Gondorff's young protege Jake Hooker attempts to pull a scam on wealthy "Countess Veronique," who instead pulls one on him and turns out to be a grifter herself named Veronica.

Coming up with a boxing con, Gondorff's goal is to sting both Lonnegan, the notorious banker and gangster who wants revenge from a previous con, and Gus Macalinski, a wealthy local racketeer. One or both of them is behind Kid Colors' death.

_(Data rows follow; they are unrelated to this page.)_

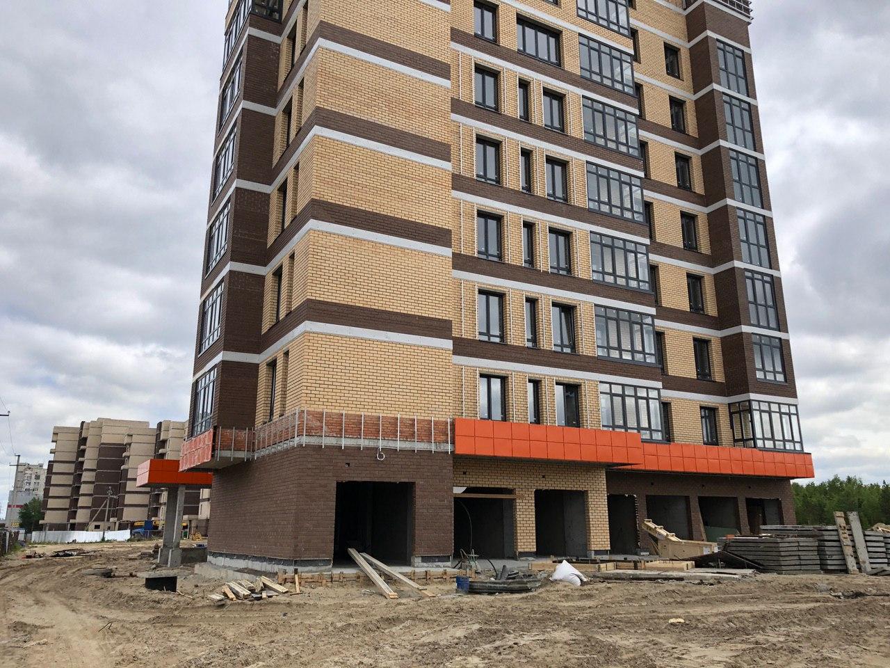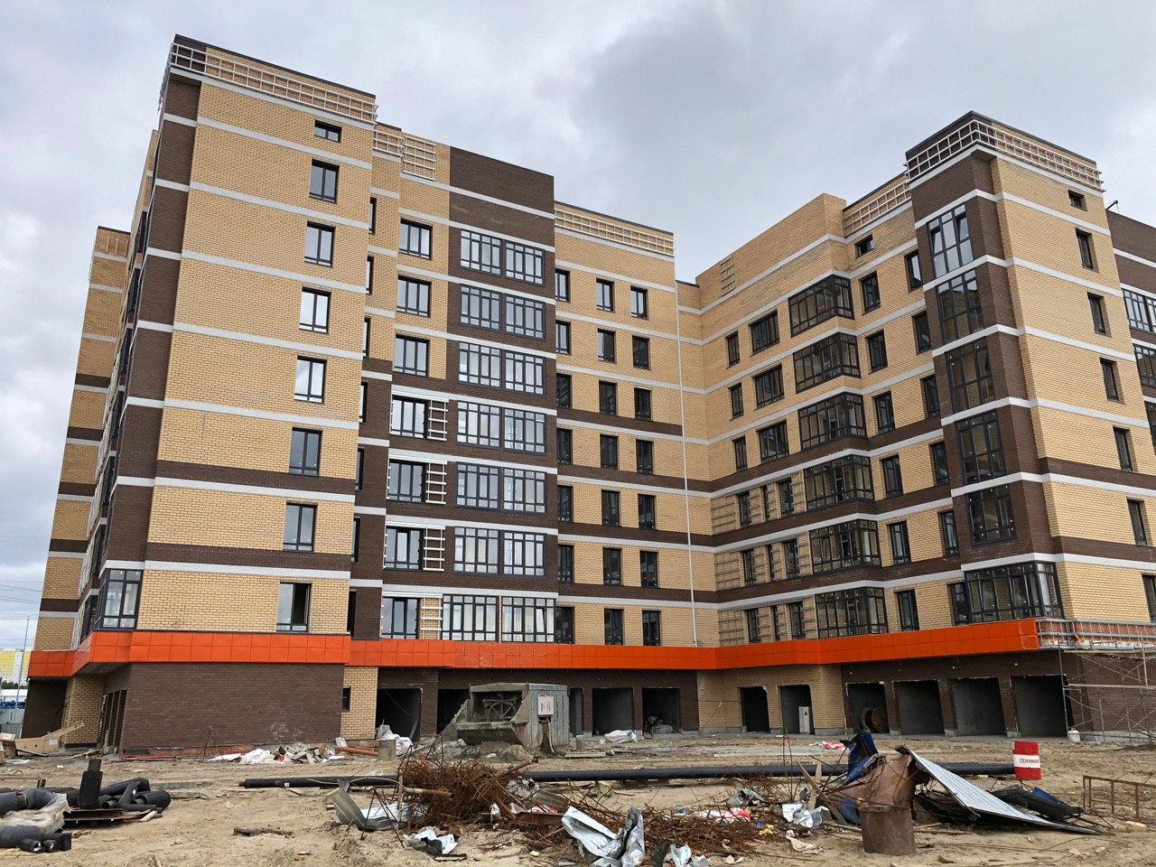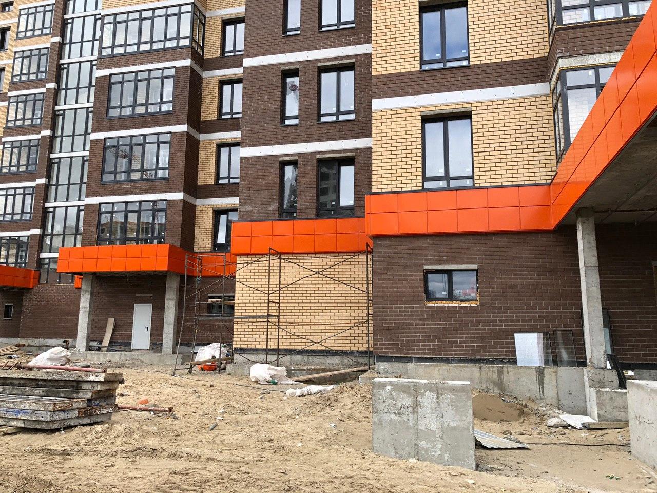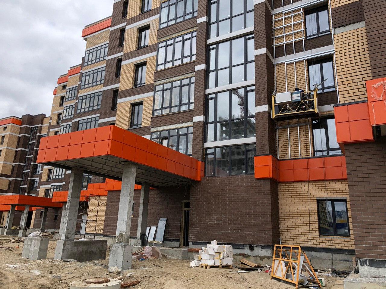 Внутри помещений возведены перегородки, ведется работа по оштукатуриванию стен мест общего пользования, укладка плитки на пол в МОП первой, второй, третьей секции, установка дверей, покраска МОП первой, второй, третьей секции подготовка к благоустройству территории, монтаж внутреннего электроснабжения, монтаж внутреннего отопления. Завершаются работы по остеклению фасада. Ведутся работы по монтажу фасада.
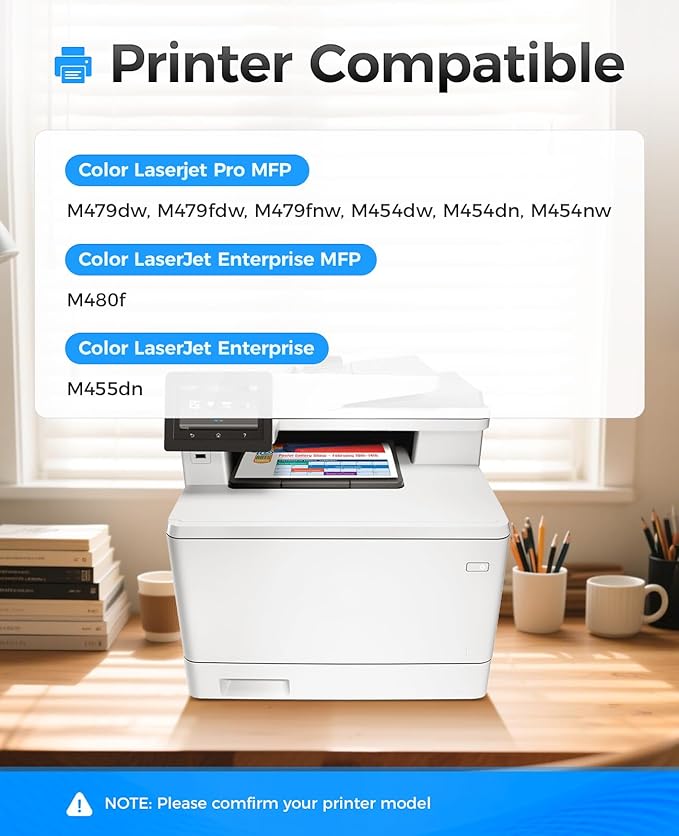 - Compatible Printers: Compatible with HP Color Laserjet Pro MFP M479dw M479fdw M479fnw M454dw M454dn M454nw; Color LaserJet Enterprise MFP M480f M455dn Printer.
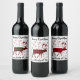 Elk design, snowflakes, red buffalo plaid pattern wine label

Hooker pretends to be a boxer who is about to throw a big fight. Macalinski is not only hoodwinked into losing hundreds of thousands of dollars, but he is also talked into changing his original wager by Lonnegan. While one gangster takes care of the other, Gondorff and Hooker head for the train station with a bag full of money, tickets out of town and a final twist from Veronica.

Cast
 Jackie Gleason as Fargo Gondorff
 Mac Davis as Jake Hooker
 Teri Garr as Veronica
 Karl Malden as Gus Macalinski
 Oliver Reed as Doyle Lonnegan
 Ron Rifkin as Eddie
 Jose Perez as Carlos
 Val Avery as O'Malley
 Michael Alldredge as "Big Ohio"
 John Hancock as "Doc"
 Larry Hankin as "Handicap"
 Bert Remsen as "Kid Colors"
 Tim Rossovich as "Typhoon" Taylor
 Harry James as Band Leader
 Woodrow Parfrey as Georgie
 Max Wright as Floor Manager
 Benny Baker as Pyle
 Frances Bergen as Lady Dorsett
 Larry Bishop as Gellecher, Lonnegan's Second Guard
 Danny Dayton as Ring Announcer
 Tony Giorgio as Rossovich, Macalinski's Man
 Carl Gottlieb as Maitre d'
 Bob Minor as Savitt

Production

Continuity
This film's continuity to the first movie is disputed:

 At the time of the film's release, Director Jeremy Paul Kagan claimed, "The Sting II is inspired by and is an expansion of the first Sting, rather than a continuation. The principal characters of Fargo Gondorff and Jake Hooker are based on two very famous real-life con men, and are totally different from the two characters in the original." Furthermore, the first names of the two lead characters have changed: Henry Gondorff has become Fargo Gondorff, and Johnny Hooker has become Jake Hooker.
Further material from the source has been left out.